Have you ever placed
an ordinary thermometer in the sunlight inside
your home on a summer or winter day? What does
it read and what does this tell you?
Here's one example:
south facing double pane glazing, February 25th,
2011, Calgary, Ab., Canada - outdoor temperature
-8 deg F (-22 deg C), floor temp = 88.5 deg F
(31.4 deg C) WITHOUT floor
heating.
Sans any
discussion on window performances, it should
tell you even without radiant floor heating the
floors will get warm - so long as the floors see
the sunshine they will warm up due primarily to the short
wave radiation travelling through the
windows. Throw in the long wave energy emitted from
interior surfaces warmed by the short wave
energy and you have a room heated with radiant
energy without having embedded heating pipes.
Discussion: in a
properly controlled high performance home under
maximum load (no solar gain...middle of the
night...wind howling...nasty cold), the floor
temperature would be operated at a few degrees
above a room temperature of 72 deg F., so lets say
the floor is between 74
deg F and 76 deg F and if designed correctly
maybe an average 80 deg F. fluid
temperature...cooler than
core body temperature
and cooler than
skin temperature but still
comfortable ...recall you have
your own internal
heat source that generates at rest a nominal
360 Btu/hr
- so in fact under normal conditions - you need
to get rid of heat to stay comfortable...and by
the way feet are a great place to shed heat due
to the blood flow and conductive transfer with
the floor...anyways the million dollar question
is, will you have that ooh ahh sensation
of a really warm floor? No but it will be warmer
than the floor in the same space heated with a
furnace.
Anyways...morning
comes along and as soon as the sun hits the
74 deg F to 76 deg F floor, it starts raise the floor temperature
-
but only those surface areas that "see" (absorb)

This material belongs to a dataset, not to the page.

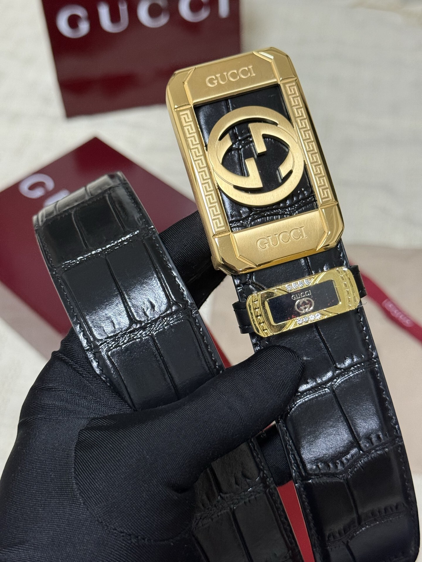 Indulge in the epitome of luxury with our Premium Leather Belt, inspired by the iconic Gucci style. This belt is more than just an accessory; it's a statement of refined taste and unwavering quality. Crafted from the finest materials and designed with meticulous attention to detail, this belt will elevate your wardrobe and add a touch of sophistication to any ensemble.

the shortwave morning sun radiation - as such the room
operative temperature of 72 deg
F begins to rise as well...so what happens next? Well the thermostats stops
the flow of tepid water to the floor and after some period of time the
floor surface is at or
warmer than the fluid in the floor. Since hot
travels to cold or in this case warmth to coolth
(yes it's a real word) ...the floor warming
system becomes a solar absorber and can cool the
floor by sending the solar gain ( a temperature
rise in the fluid) to a colder part of the
house...or you could turn the system off
completely and let
the sun take over the comfort in your space. All
you have to do is remember warmth travels to
coolth and if the sun makes the floor warmer
than the fluid in the pipes...the floor system
is not contributing to the overheating.
If you
want to shed solar heat gain in winter...open up
the windows...it didn't cost you anything to get
it in the first place so it won't cost you to
lose it...the greenhouse people figured this out
centuries ago...if you don't want to manually manage
it...reduce your window area, reduce the windows
solar heat gain coefficient, use exterior
shading and low mass floors...but don't blame the radiant floor
...unless of course you didn't control
the incoming solar heat in which case it's still not
the fault of the floor.
Conclusion:
100% of all over heating and under heating
complaints in homes heated exclusively with
furnaces did not have radiant floor heating to
blame. |
|
On the Internet... |
Facts |
|
"...radiant heating
systems transforms cold floors and furniture
into heat-omitting objects." |
Heat is not
"omitted" from warm objects it is "emitted"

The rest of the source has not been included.